Launch of exiting £2.5m rivers scheme in Stafford

Launch of exiting £2.5m rivers scheme in Stafford

Colin Hayes.

Staffordshire Wildlife Trust is excited to announce the launch of a £2.5 million scheme in Stafford that will alleviate flooding around rivers in the area as well as encourage a range of wildlife such as otters and lapwing. Improving public connections to nature is also a large part of the scheme by upgrading access to sites and creating more green spaces for families to enjoy.

The scheme has been given a boost thanks to a £150,000 donation from Highways England which will fund an environmental feasibility study that is already under way to develop, plan and cost a five-year plan for the exciting Stafford Brooks Project.

In partnership with Staffordshire Wildlife Trust, Highways England, Stafford Borough Council and the Environment Agency the project will make vast improvements to habitats surrounding the Sow and Penk Rivers. 25 sites will be identified which can be improved for biodiversity, flood mitigation and water quality.
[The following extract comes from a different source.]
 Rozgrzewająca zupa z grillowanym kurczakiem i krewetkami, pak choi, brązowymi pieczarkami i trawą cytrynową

Action will then be taken to help join up some sites so habitats are more resilient and wildlife less isolated.

The scheme that will restore and create new habitats across sites including Doxey Marshes, Kingsmead Marsh and Radford Meadows supports the launch of the Trusts recent appeal, 30 by 30 which aims to have 30% of the county put aside for nature’s recovery by 2030.

Stafford Brooks

Credit: Victoria Bunter 

Restored sites could become home to a variety of wildlife including otter, wading birds such as lapwing and snipe and a range of amphibians as well as them acting as a key contributor in mitigating the effects of flooding.

We are incredibly excited to have an opportunity to link and restore a range of sites across Stafford to improve biodiversity, water quality, flood mitigation and access as part of forming a nature recovery network for the town
Senior Conservation Manager for Staffordshire Wildlife Trust, David Cadman

Highways England spokesperson Peter Smith said:

“We are delighted to be part of this project which will enrich the town environmentally, bringing more wildlife and biodiversity around the rivers for families to enjoy as well as addressing issues with flooding.
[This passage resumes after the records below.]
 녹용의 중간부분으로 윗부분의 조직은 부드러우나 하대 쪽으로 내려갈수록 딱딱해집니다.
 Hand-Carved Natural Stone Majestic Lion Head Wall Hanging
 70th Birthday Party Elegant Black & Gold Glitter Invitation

“Highways England is very grateful to the people of Stafford for their understanding while we are carrying out the upgrade of the M6 between junctions 13 and 15. In addition to the benefits of the motorway upgrade, we are giving something back to the community with projects like Stafford Brooks, the benefits of which would be enjoyed for generations.

“It is a very worthwhile scheme and we look forward to helping deliver the results of the study.”

Borough Council cabinet member for Economic Development and Planning, Frances Beatty, said:

“This is fantastic news and a great example of how we are working alongside key partners to bring a very beneficial environmental scheme to fruition. It will see the enhancement and restoration of Kingsmead Marsh, supporting a variety of flora and fauna, including local rare plants such as purple loosestrife and brown sedge.

“Our green spaces have great potential and by working on them collectively we can create a green recovery for the town that benefits people and wildlife for now and the future. One of the council’s top priorities is Climate Change and we have recently approved a Climate Change and Green Recovery Strategy – and this work will support our aims within the plan.”

Madeleine Gardner, Catchment Coordinator at the Environment Agency said:

“It’s great to be a part of this exciting project. Urban rivers and streams are a vital habitat for wildlife and the restoration of them can significantly improve river ecology and water quality.

“This project will not only help to improve the River Sow and its tributaries but also support the health and wellbeing of local residents by providing better access to their rivers and green spaces. It will take us another step further towards delivering the 25 Year Environment Plan’s vision of ensuring that our rivers become places where wildlife can thrive.”

The grant for the study has come from the Highways England Designated Environment Fund which aims to ensure the road network works more harmoniously with its surroundings to deliver an improved environment. This includes creating new or enhancing existing habitats.